Task goal >> Could you please retype exactly the lines from the start of the records below through the line that contains "四年内,我们投资了大概50多", both included, and leave out the pictures?

[Task data Boundary: Start]

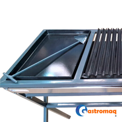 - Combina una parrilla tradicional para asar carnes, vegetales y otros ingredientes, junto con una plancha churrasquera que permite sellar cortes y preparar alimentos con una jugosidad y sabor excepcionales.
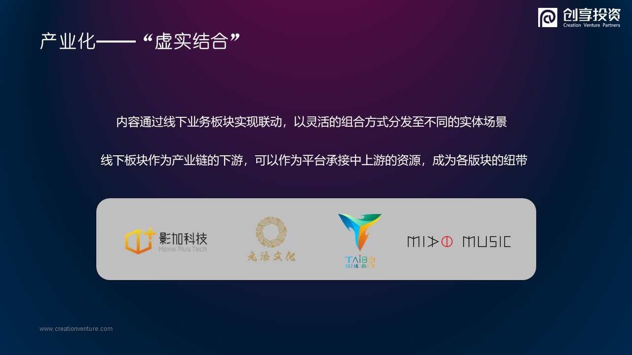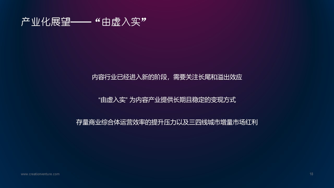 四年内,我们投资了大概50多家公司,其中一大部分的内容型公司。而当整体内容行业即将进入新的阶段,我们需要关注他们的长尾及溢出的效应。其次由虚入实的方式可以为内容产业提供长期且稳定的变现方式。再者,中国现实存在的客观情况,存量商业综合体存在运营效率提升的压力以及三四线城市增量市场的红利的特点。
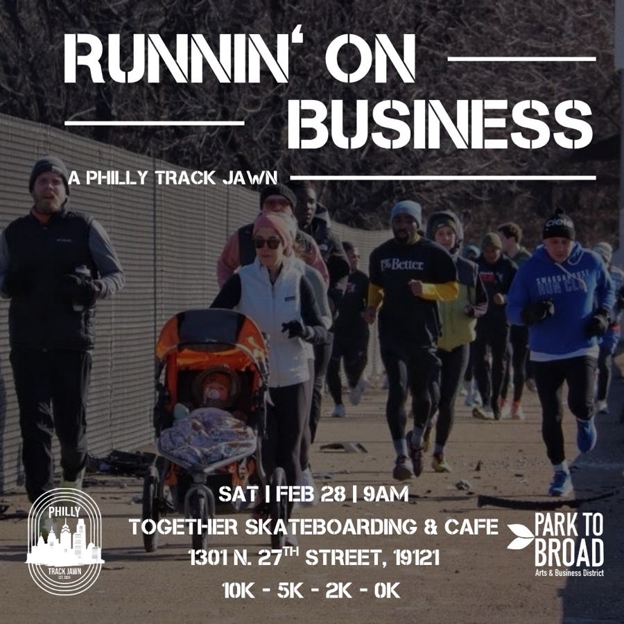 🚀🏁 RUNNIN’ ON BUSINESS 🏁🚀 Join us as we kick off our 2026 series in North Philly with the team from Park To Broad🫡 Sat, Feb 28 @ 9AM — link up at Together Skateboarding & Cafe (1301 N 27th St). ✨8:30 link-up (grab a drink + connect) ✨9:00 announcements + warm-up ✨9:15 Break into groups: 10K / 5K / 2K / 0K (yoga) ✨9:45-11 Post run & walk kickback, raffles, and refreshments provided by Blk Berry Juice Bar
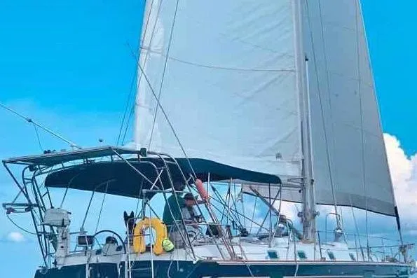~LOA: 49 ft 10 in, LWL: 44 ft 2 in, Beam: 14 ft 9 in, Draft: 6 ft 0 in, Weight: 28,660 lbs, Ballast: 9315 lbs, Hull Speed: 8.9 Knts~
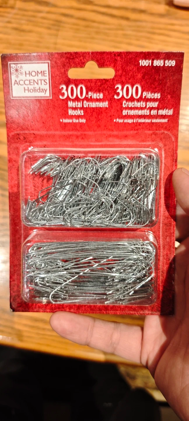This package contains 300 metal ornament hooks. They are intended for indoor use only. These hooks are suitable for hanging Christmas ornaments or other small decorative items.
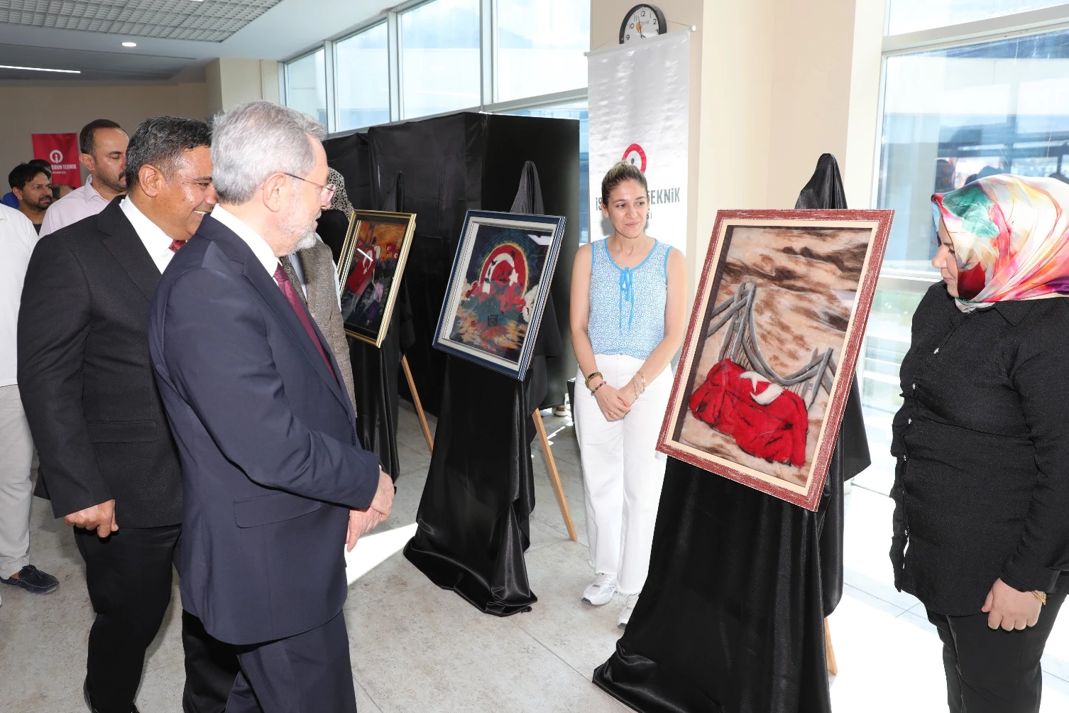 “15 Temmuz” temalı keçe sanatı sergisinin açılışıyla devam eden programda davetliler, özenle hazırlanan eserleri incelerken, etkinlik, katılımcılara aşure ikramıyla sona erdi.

[Task data Boundary: End]

Solution to the exercise >>
 - Combina una parrilla tradicional para asar carnes, vegetales y otros ingredientes, junto con una plancha churrasquera que permite sellar cortes y preparar alimentos con una jugosidad y sabor excepcionales.
 四年内,我们投资了大概50多家公司,其中一大部分的内容型公司。而当整体内容行业即将进入新的阶段,我们需要关注他们的长尾及溢出的效应。其次由虚入实的方式可以为内容产业提供长期且稳定的变现方式。再者,中国现实存在的客观情况,存量商业综合体存在运营效率提升的压力以及三四线城市增量市场的红利的特点。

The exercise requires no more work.